Sometimes the words just pour out of my fingers. The words seem like a living thing, or a force of nature, and I am simply the conduit that brings them to the reader.

Other times I agonize over every word.

Except no, I don't. I don't agonize over individual words, or commas, or paragraph breaks. I may argue about them with someone who suggests I do it differently, but I don't agonize over the details.

What I agonize over is the direction. An unfinished story can spend weeks, months, or even years, languishing in the pile while I fret and worry and argue with myself and which way to go next. And a blank page, that can feel so much worse. At least with an unfinished tale there's something already started. It's true that in a later draft I may throw out everything that's there at the moment, but a start is much better than a blank page. An unfinished tale has fewer possible directions to choose from.
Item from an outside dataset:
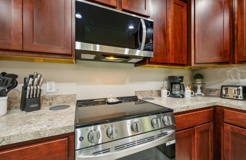 This townhome has a great layout with the Owner's Suite with King Size Bed and En-Suite Bathroom on the main level. Nice living area with SMART TV open kitchen and living area with a pub top table. Also a 1/2 bath on the main level. Upstairs offers a bonus room - with SMART TV and 2 more bedrooms and guest bathroom. There is a washer/dryer on the second floor. This is an end unit.

Once I pick a direction, the words start flowing. Not always in the force of nature way, but stringing words together never seems to take any effort.

Some people think that's talent. They're wrong. The stringing together of the words doesn't come from talent; it's practice.

It's like when learning how to play a musical instrument. You spend years leaning to play scales and arpeggios and chords--various pleasing combinations of notes which, by themselves aren't terribly interesting. However, having learned them so well that you can feel them in your very bones, when you are presented with a new piece of music, you find the individual building blocks you've learned before. Sometimes the patterns skip and embellish, or they weave in and out of each other, but you find them. Your eye recognizes them on the sheet of music, or your ear anticipates them, and you just follow the patterns that have been assembled into something which is great than its parts.

That's where the talent comes in: the assembly of the parts into a pleasing and functional whole. Particularly for a writer, unless you have the genius of Lewis Carroll, you are limited to words which your audience already knows. Yes, some readers can deduce the meaning of an unfamiliar word from the context. Others may take the time to try to look up an unfamiliar word. But the majority of the words you use have to be words the reader already knows. And the order of the words have to conform closely enough to standards already known to the reader to convey meaning.

The artistry of writing comes from the arrangement of the familiar and of the understood into a whole which occasionally surprises, gives a new perspective, or maybe even brings forth an epiphany. We use the familiar to evoke the unknown.

It can be hard. Even when the force-of-nature type of writing is upon us, there comes a point when we have to survey what we've done, then decide which parts to cut away and which to keep. There is always something that needs to be removed; usually several things that ought to be rearranged.

For some writers the hardest part is knowing when to stop editing. There comes a point when you must cease fiddling with it and let the piece of writing take wing. It may soar, or it may falter haltingly on its way, or it may even crash ignomiously. There is no way to know until you release it.

Many who aspire to write never believe their writing needs revising. Knowing what to get rid of takes a certain amount of ruthlessness. It doesn't matter that I know, on an intellectual level, that all these words and phrases are building blocks that I've used again and again. On an emotional level, each sentence is one of my babies. Fortunately, once you've been ruthless a time or two, it becomes easier, though seldom less painful.

You get used to the pain. Or maybe I just tell myself that I've gotten used to it. I don't know. I just keep plugging away until it feels done.

Then I release it and trust it to take wing.

 

Writing has laws of perspective, of light and shade, just as painting does, or music. If you are born knowing them, fine. If not, learn them. Then rearrange the rules to suit yourself.